Two bare spaces, stage left and right, separated


by time and space. On stage left is a wall with a
wide glass window that looks out onto that part
of the stage. Visible is a dramatically large
switch or lever in the up position.

Characters enter more or less simultaneously,


one from stage right, two or more from stage
left, all ferrying wooden parts and tools. The
characters on stage left have no names; they are
in uniforms, so we will simply call them THE
GUARDS. The man on stage right needs a
name, so we will call him PATRICK. He’s
probably in his 60s.

Patrick, like his unseen (to him) cohorts on


stage left, is busy assembling what will become
a sturdy wooden chair. He is good at this work
and enjoys it. In time, he speaks to the audience.

PATRICK
I musta been six or seven the first time I built a chair. Well, “built” might be charitable.
My grandpa, Dad’s dad, used to disappear into his shed outside for hours at a time. We
grandkids weren’t supposed to go in there, but curiosity gets the best of me at times and
one day I snuck a peak through the door. I was drawn in by all the sounds, hand tools and
filing and sawing and Grandpa occasionally cussin’ up a storm under his breath.

Patrick holds up one of his tools.

These are a lot of the same tools. Turns out, I was the only one in the family who showed
an aptitude for wood work. Hey, do you know what they call someone who builds
furniture? Someone who makes shoes is a cobbler; someone who shoes horses is a farrier.
Can you guess what you call someone who makes furniture? A “furniture maker”.

You might have said “carpenter”. My grandpa always insisted that Jesus was a carpenter;
we were furniture makers.

Patrick continues to build as he speaks, while


the Guards also silently go about their job, both
assembling their respective chairs.
2.

PATRICK (CONT'D)

Anyway, Grandpa sensed somehow that I was watching. I didn’t want to get a lickin’ for
“violating his sanctuary”, but like I said, me and curiosity. Grandpa called me over and
showed what he was doing. He used to manage a hardware store, the old kind where you
could find any kind of nail or fastener or handy tool for some obscure job. His shed had
that same smell -- sawdust and oil and Mennen aftershave.
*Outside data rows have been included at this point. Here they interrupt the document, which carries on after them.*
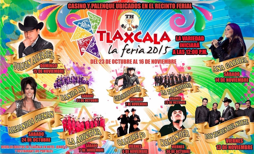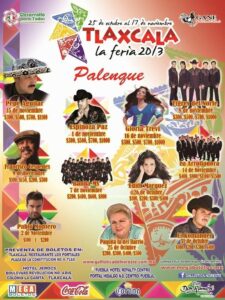 Consulta aquí la cartelera del palenque de la Feria Tlaxcala 2015. La Feria de Tlaxcala se distingue por llevar los mejores espectáculos a su palenque. En este 2015 no habrá excepción y este foro tan importante dentro de la Feria tendrá un programa completísimo para el disfrute de todos y que se pasen una noche inolvidable en compañía y con la voz de sus artistas predilectos.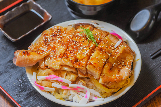 嚴選鮮嫩雞肉,表面炙燒後撒上白芝麻,散發誘人氣味,搭配滑嫩蛋液、香甜洋蔥,與米飯一同交織出極致口感。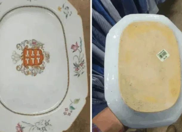 La investigación reveló que la porcelana es una «bandeja rectangular achaflanada heráldica china de exportación» del período Qianlong de la dinastía Qing, datada alrededor de 1755.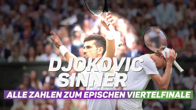 Djoker vs. Sinner: Zahlen zum epischen Viertelfinale<br />Novak Djokovic kämpfte sich nach einem 0:2-Satzrückstand zurück und besiegte Jannik Sinner im Wimbledon-Viertelfinale. Wir haben die besten Zahlen und Fakten zum epischen Match.
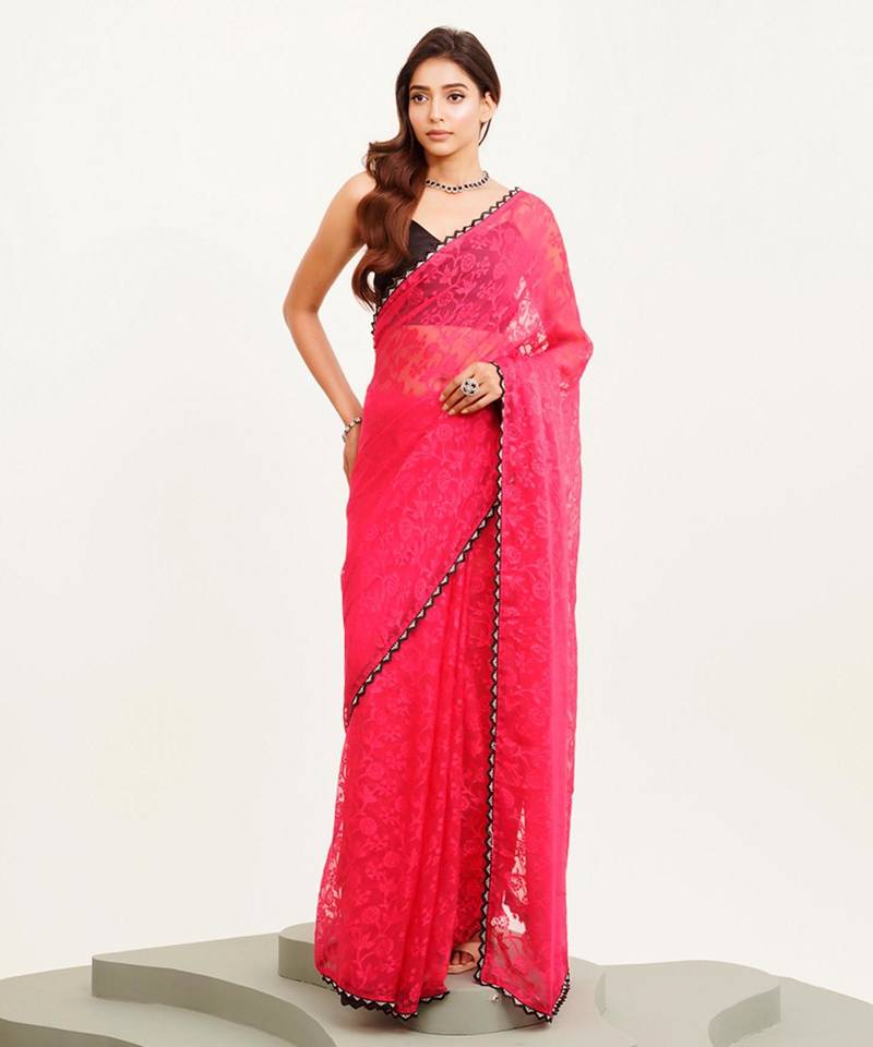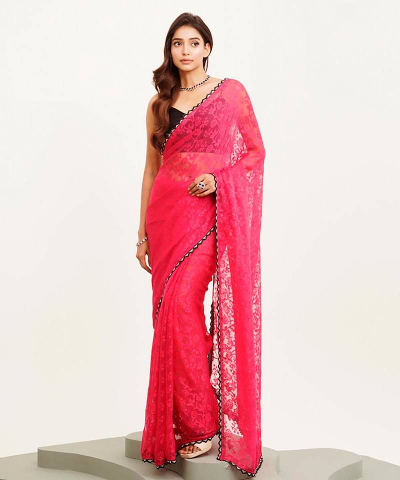 | Product Name | Pink Floral Brasso Designer Saree With Blouse | |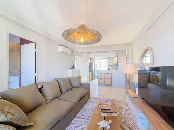 Un séjour lumineux et convivial Découvrez un appartement spacieux et moderne de 90 m², baigné de lumière naturelle. Le canapé 5 places, généreux et confortable, invite à la détente. Face à vous, un grand écran 4K Google TV vous promet des soirées cinéma inoubliables, sublimées par un éclairage chaud ajustable pour une ambiance sur-mesure. La décoration épurée associe modernité et naturel, avec une table basse en poutre de chêne pour une touche authentique.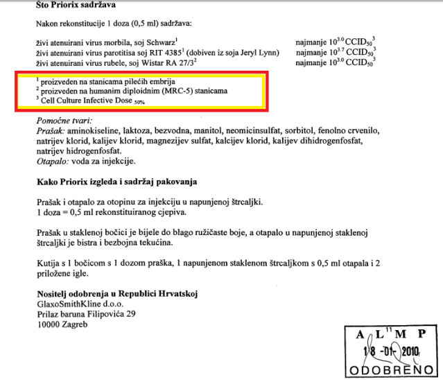 2.“MRC-5 је диплоидна линија ХУМАНИХ ћелија културе састављена од фибробласта изведених из плућног ткива АБОРТИРАНОГ кавкаског МУШКОГ ФЕТУСА СТАРОГ 14 недеља. Линију ћелија је изоловао J.P. Jacobs и колеге у септембру 1966.“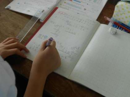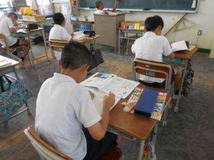 5・6年生の授業の様子です。集中して先生の話を聞き、ノートもしっかり書くことができていました。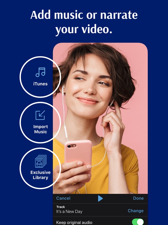 • Insert videos from your camera roll, existing recordings, or add stock to create intros and outros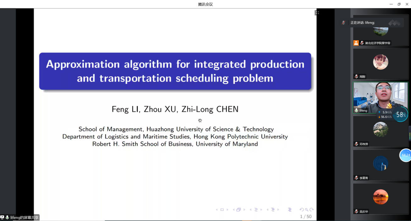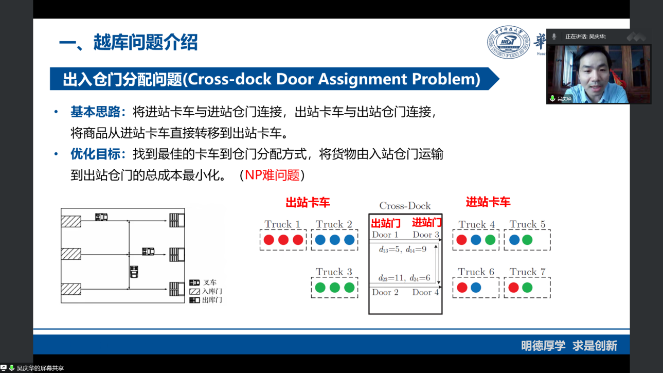 2022年11月26日下午,吴庆华博士针对现代物流仓储运输中重要的越库配送指派问题,提出了一种新的高效的边流混合整数规划模型和一种基于强化学习的优化算法。然后李锋博士交流了复杂决策环境下的生产与运输协同优化问题,构建了多种科学适用的模型并设计了高质量的智能求解算法,并指出了未来有价值的潜在研究方向。

That day he was working with pine, which is a delicate wood but has a nice scent. He was
a man of few words, my grandfather; unlike me, I suppose. He handed me some sand
paper and showed me how to sand slowly but firmly, into the grain, so as not to tear it up.
Well, being seven years old, I was a bit vigorous, and within minutes, my fingers were
bleeding. Grandpa swapped out the sand paper for a sanding block and gave me a pair of
his old gloves. Then my job became sanding away the blood stains I had left on the pine.
I’ve put a lot of blood into this wood over the years.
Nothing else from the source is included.